Well, this is as timely a moment to talk about boundaries as any. It’s the time of year when obligations loom large, when we’re all dashing about doing things we’d rather not be doing, but trying to cram it all in anyway. To top it all off, we get to hang around the house with our dysfunctional family dynamics, which are generally further ignited by the addition of a generous dose of alcohol. Not exactly a recipe for Christmas cheer, is it? Let’s find a way to make this festive season a little brighter, shall we …
The golden rule – the one that will stand you in good stead now and in the future – is to set clear boundaries. It’s that simple.
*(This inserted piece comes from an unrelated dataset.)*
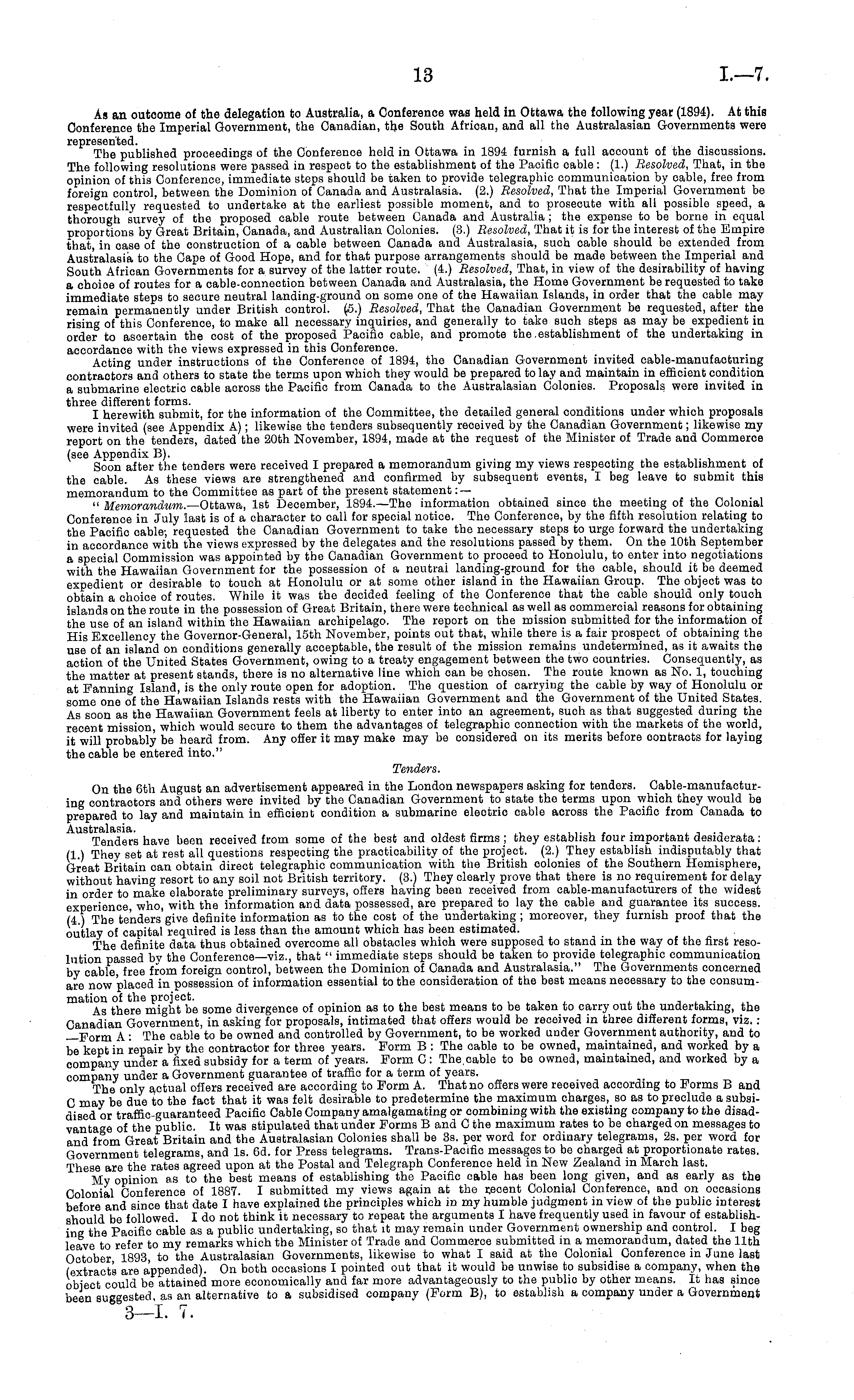 As an outcome of the delegation to Australia, a Conference was held in Ottawa the following year (1894). At this Conference the Imperial Government, the Canadian, the South African, and all the Australasian Governments were represented. The published proceedings of the Conference held in Ottawa in 1894 furnish a full account of the discussions. The following resolutions were passed in respect to the establishment of the Pacific cable : (1.) Resolved, That, in the opinion of this Conference, immediate steps should be taken to provide telegraphic communication by cable, free from foreign control, between the Dominion of Canada and Australasia. (2.) Resolved, That the Imperial Government be respectfully requested to undertake at the earliest possible moment, and to prosecute with all possible speed, a thorough survey of the proposed cable route between Canada and Australia ; the expense to be borne in equal proportions by Great Britain, Canada, and Australian Colonies. (3.) Resolved, That it is for the interest of the Empire that, in case of the construction of a cable between Canada and Australasia, such cable should be extended from Australasia to the Cape of Good Hope, and for that purpose arrangements should be made between the Imperial and South African Governments for a survey of the latter route. (4.) Resolved, That, in view of the desirability of having a choioe of routes for a cable-connection between Canada and Australasia, the Home Government be requested to take immediate steps to secure neutral landing-ground on some one of the Hawaiian Islands, in order that the cable may remain permanently under British control. (5.) Resolved, That the Canadian Government be requested, after the rising of this Conference, to make all necessary inquiries, and generally to take such steps as may be expedient in order to ascertain the cost of the proposed Paciflo cable, and promote the establishment of the undertaking in accordance with the views expressed in this Conference. Acting under instructions of the Conference of 1894, the Canadian Government invited cable-manufacturing contractors and others to state the terms upon which they would be prepared to lay and maintain in efficient condition a submarine electric cable across the Pacific from Canada to the Australasian Colonies. Proposals were invited in three different forms. I herewith submit, for the information of the Committee, the detailed general conditions under which proposals were invited (see Appendix A); likewise the tenders subsequently received by the Canadian Government; likewise my report on the tenders, dated the 20th November, 1894, made at the request of the Minister of Trade and Commerce (see Appendix B). Soon after the tenders were received I prepared a memorandum giving my views respecting the establishment of the cable. As these views are strengthened and confirmed by subsequent events, I beg leave to submit this memorandum to the Committee as part of the present statement : — " Memorandmn.-Otta.via:, Ist December, 1894.—The information obtained since the meeting of the Colonial Conference in July last is of a character to call for special notice. The Conference, by the fifth resolution relating to the Pacific cable; requested the Canadian Government to take the necessary steps to urge forward the undertaking in accordance with the views expressed by the delegates and the resolutions passed by them. On the 10th September a special Commission was appointed by the Canadian Government to proceed to Honolulu, to enter into negotiations with the Hawaiian Government for the possession of a neutral landing-ground for the cable, should it be deemed expedient or desirable to touch at Honolulu or at some other island in the Hawaiian Group. The object was to obtain a choice of routes. While it was the decided feeling of the Conference that the cable should only touch islands on the route in the possession of Great Britain, there were technical as well as commercial reasons for obtaining the use of an island within the Hawaiian archipelago. The report on the mission submitted for the information of His Excellency the Governor-General, 15th November, points out that, while there is a fair prospect of obtaining the use of an island on conditions generally acceptable, the result of the mission remains undetermined, as it awaits the action of the United States Government, owing to a treaty engagement between the two countries. Consequently, as the matter at present stands, there is no alternative line which oan be chosen. The route known as No. 1, touching at Fanning Island, is the only route open for adoption. The question of carrying the cable by way of Honolulu or some one of the Hawaiian Islands rests with the Hawaiian Government and the Government of the United States. As soon as the Hawaiian Government feels at liberty to enter into an agreement, such as that suggested during the recent mission, which would secure to them the advantages of telegraphic connection with the markets of the world, it will probably be heard from. Any offer it may make may be considered oa its merits before contracts for laying the cable be entered into." Tenders. On the 6th August an advertisement appeared in the London newspapers asking for tenders. Cable-manufactur-ing contractors and others were invited by the Canadian Government to state the terms upon which they would be prepared to lay and maintain in efficient condition a submarine electric cable aoross the Pacific from Canada to Tender's have been received from some of the best and oldest firms _; they establish four important desiderata: (1.) They set at rest all questions respecting the practicability of the project. (2.) They establish indisputably that Great Britain can obtain direct telegraphic communication with the British colonies of the Southern Hemisphere, without having resort to any soil not British territory. (3.) They clearly prove that there is no requirement for delay in ord

Now for the hard part – we all know this, but somehow we just don’t manage to do it, especially when it comes to close family and friends. Sometimes the reason is fear of confrontation, sometimes it’s about keeping the peace, sometimes it seems easier just to let someone get away with appalling behaviour rather than try to fight it. Whatever the reason, the problem is the same – if you don’t take care of yourself, no-one else is going to do it for you.
If you’re exhausted and need time out, take it. If someone consistently behaves badly, let them know in a measured way that it’s not acceptable. Removing yourself from their sphere of influence is a start, but it’s not a solution. The problem will always remain until you grasp the nettle and get clear about what is acceptable behaviour to you. This can be extremely difficult, I know, as controlling characters have no talent for healthy conflict resolution. Janet Bluestein, author of Parents, Teens & Boundaries: How To Draw The Line, views the majority of people as either ‘Bulldozers’ or ‘Doormats’. She says “Bulldozers need to win, to have their needs taken care of, and feel entitled to do so at the expense of the other person … Doormats are terribly accommodating, but at the expense of their own needs. They tend to be on the losing end of most conflicts. Doormats often function in the hope that being ‘nice’ enough will inspire people around them to figure out and accommodate their needs.” Sound familiar?
She goes on to note “Growing up with either or both of these models, we receive a number of messages that present obstacles when we attempt to take care of ourselves in relationships with others, messages that connect our worth and loveableness to our ability to please others. If most of the people in our lives operated on some form of win-lose method of conflict resolution, either by violating and disempowering (as a Bulldozer) or by self-abandoning (as a Doormat) it can be hard to imagine win-win solutions that consider the needs of all parties involved.”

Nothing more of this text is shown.